Snowpiercer began as a locked-room mystery: Who, of the 3,000 humans remaining on Earth, all jammed onto this one train, killed Sean Wise? Sure, Layton can try to sort out who the murderer might be by thinking about motive, but until now there’s been an underlying set of rules governing who could even be part of the suspect pool, considering just how restricted access is to certain parts of the train. Sean lived in third-class, and couldn’t freely roam the walnut-paneled corridors uptrain, so it made sense to start Layton’s investigations with the Thirdies who were his kin.
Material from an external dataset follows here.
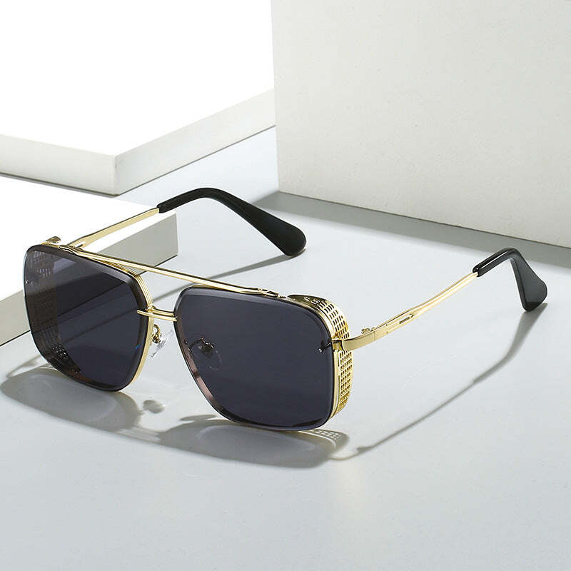 Product information: Applicable scenarios: sun protection, travel color: black frame gradient gray sheet, gold frame full gray sheet, gold frame double dry, gold frame tea blue lens, gold frame green yellow sheet Size: Regular Popular elements: squares Style: Versatile, elegant, casual Packing list: Sunglasses*1 Product Image:

But the tiny glass vial that’s passed hand to hand in this episode blows up that theory. Like any closed system, Snowpiercer has tiny exploitable holes that can be stretched and adjusted until finally an entire underground system of movement exists. That little vial, after all, essentially holds a key, an under-the-skin implant that allows its wearer to come and go freely throughout the train. Once that falls into a certain set of hands, the cruel, oppressive, capitalistic system keeping the Tailies penned into their own tiny, dark, cold gulag is one step closer to extinction. “It’s only doors between us,” Layton yells as he’s dragged from the Tail door at the end of the episode. Sure, it’s a cheesy romantic sentiment, but more importantly he’s reminding Josie and her crew of rebels that with that microchip in hand, they can now waltz right through them.

With the introduction of Fight Night, meant to provide a little distraction for passengers as everything goes to shit around them, we see what it looks like when the classes start to mix. The entertainment on offer is, of course, brute violence — why stage a cabaret when you can solicit two men to beat each other to smithereens? (How does one obtain tickets to such an event? That’s entirely unclear! Is money accepted on-board? Is it a lottery system? Tell me how Snowpiercer functions, dammit.)
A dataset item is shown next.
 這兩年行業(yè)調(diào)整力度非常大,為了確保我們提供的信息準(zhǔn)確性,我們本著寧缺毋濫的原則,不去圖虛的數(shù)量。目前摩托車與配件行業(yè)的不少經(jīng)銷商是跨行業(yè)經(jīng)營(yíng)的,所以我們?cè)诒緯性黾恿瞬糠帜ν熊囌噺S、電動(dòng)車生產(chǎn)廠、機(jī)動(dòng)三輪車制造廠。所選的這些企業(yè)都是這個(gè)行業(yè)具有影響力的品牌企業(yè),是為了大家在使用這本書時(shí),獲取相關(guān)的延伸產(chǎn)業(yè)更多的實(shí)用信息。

For the first-class passengers like the Folgers, this is the equivalent of the opening scene in Edith Wharton’s Age of Innocence, where upper crust families perch in their opera boxes, gold-handled binoculars trained on the rest of the audience instead of the performers — this is the voyeurism Olympics, not an artistic endeavor. The Folgers and other hoity-toits, for all their comic worth as the the most clueless white people one could ever dream up, are also paper-thin, an annoyance that comes to a head this episode when they pass excruciatingly lame lines back and forth and play strip poker in their dining car, as if by this point in the seven-year journey they all wouldn’t have slept with one another already. They’re also all strangely trusting in Mr. Wilford and his canned Churchill message that “by your steady hand we will ride out this hardship and outlive the ice.” It’s also entirely possible that the first-class passengers are drawn so flimsily because billionaires really are one-dimensional Scrooge McDucks greedily swimming in piles of gold! Up to you.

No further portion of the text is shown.